In Uncategorized on May 1, 2011 at 1:43 am

1. Overview of the Orion Bar

The Hubble image below shows the Orion A complex, which harbors two large HII regions, M43 to the Northeast (top left) the brighter Orion Nebula (M42, center). The HII region within the Orion Nebula is carved out by the Trapezium cluster, which is extremely dense (stellar density of 560 pc-3 – compare that with our local density of ~1 pc-3) and dominated by four stars, the brightest of which, θ1 Ori C (spectral type O7V), produces ~80% of the ionizing photons.
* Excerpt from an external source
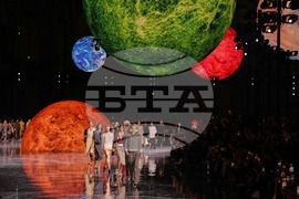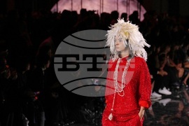 Designer Matthieu Blazy accepts applause after the Chanel Spring/Summer 2026 collection presented in Paris, Monday, Oct. 6, 2025. (AP Photo/Aurelien Morissard)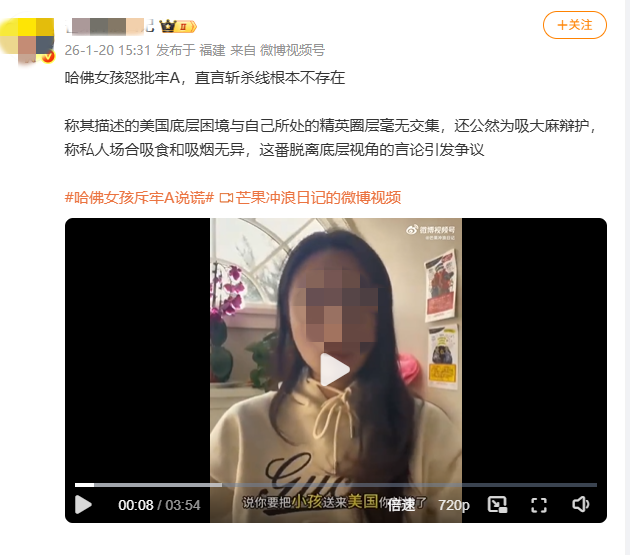 一位哈佛女孩发视频说,牢A描述的美国惨状不存在,至少是离她的生活太遥远了,她没有见到过。

M43 is ionized primarily by a single star, NU Ori (spectral type B0.5).

HST optical image of the Orion Nebula (Credit: NASA, ESA, M. Robberto, and the Hubble Space Telescope Orion Treasury Project Team)
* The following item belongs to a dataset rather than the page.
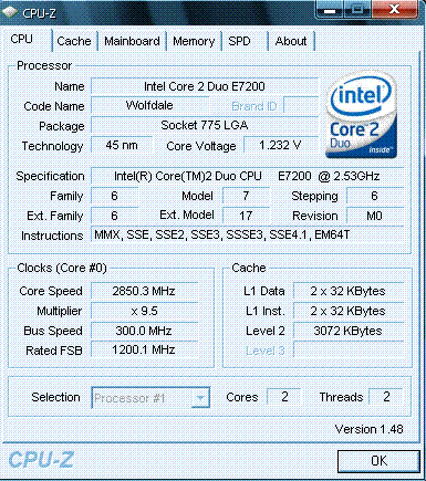 | Разгон, максимально стабильная частота (FSB x Ratio) | 2850 (300 x 9.5) |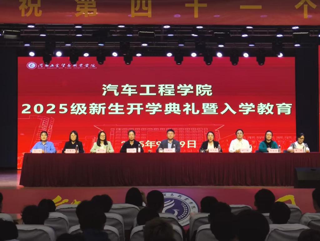2025年9月19日下午,汽车工程学院在体育馆报告厅隆重举行 2025 级新生开学典礼暨入学教育大会。学院领导班子成员、各专业负责人、教师代表、辅导员以及全体 2025 级新生齐聚一堂,共同开启大学新征程。大会由党总支书记陈冰赛主持。

The Orion A complex has been useful in understanding HII regions because of its proximity to us (~414 ± 7 pc), which allows its structure to be studied with high spatial resolution. The HII region within the Orion Nebula has broken out of the molecular cloud, creating a champagne flow. M42 has a particularly bright photodissociation region (PDR), known as the Orion Bar, which is visible to the Southeast of the Trapezium stars.

HST optical image of M42, with the Orion bar visible as a bright ridge in the bottom left (Credit: NASA, C.R. O'Dell and S.K. Wong (Rice University))
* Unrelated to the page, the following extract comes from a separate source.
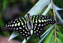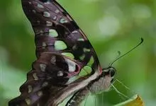 青带凤蝶Graphium sarpedon ,又名青凤蝶,是最普遍的中型凤蝶,飞行速度很快。青带凤蝶的翅膀中央有许多浅蓝色的斑点,很整齐地排列成一条直线。这些斑点由上而下逐渐变大,就像一条青色的带子。全部>>

The Orion Bar stands out as a bright ridge to the Southeast of the Trapezium cluster, but its prominence is actually a consequence of limb brightening, i.e. our peculiar viewing angle. The Orion Nebula is bounded on multiple sides by an ionization front, but we happen to see the bar edge-on, causing it to appear brighter.

2. Structure from Radio Continuum Observations

Dense, hot regions of ionized hydrogen are bright in the radio continuum, as scattering of electrons off of H+ ions produces free-free emission. Felli et al. (1993) (ADS Link) mapped the Orion A complex in the radio continuum using the VLA in several configurations. A particularly nice map of the free-free emission at 20 cm in the Orion Nebula HII region is given in their Fig. 3d, reproduced below:

Fig. 3d from Felli et al. (1993). The Orion Bar is particularly prominent in this radio continuum map of the HII region of the Orion Nebula (20 cm, 6.2" resolution). The positions of several bright stars, including the four brightest Trapezium stars, are marked. The contours range from 95.0 to 300.7 mJy/beam.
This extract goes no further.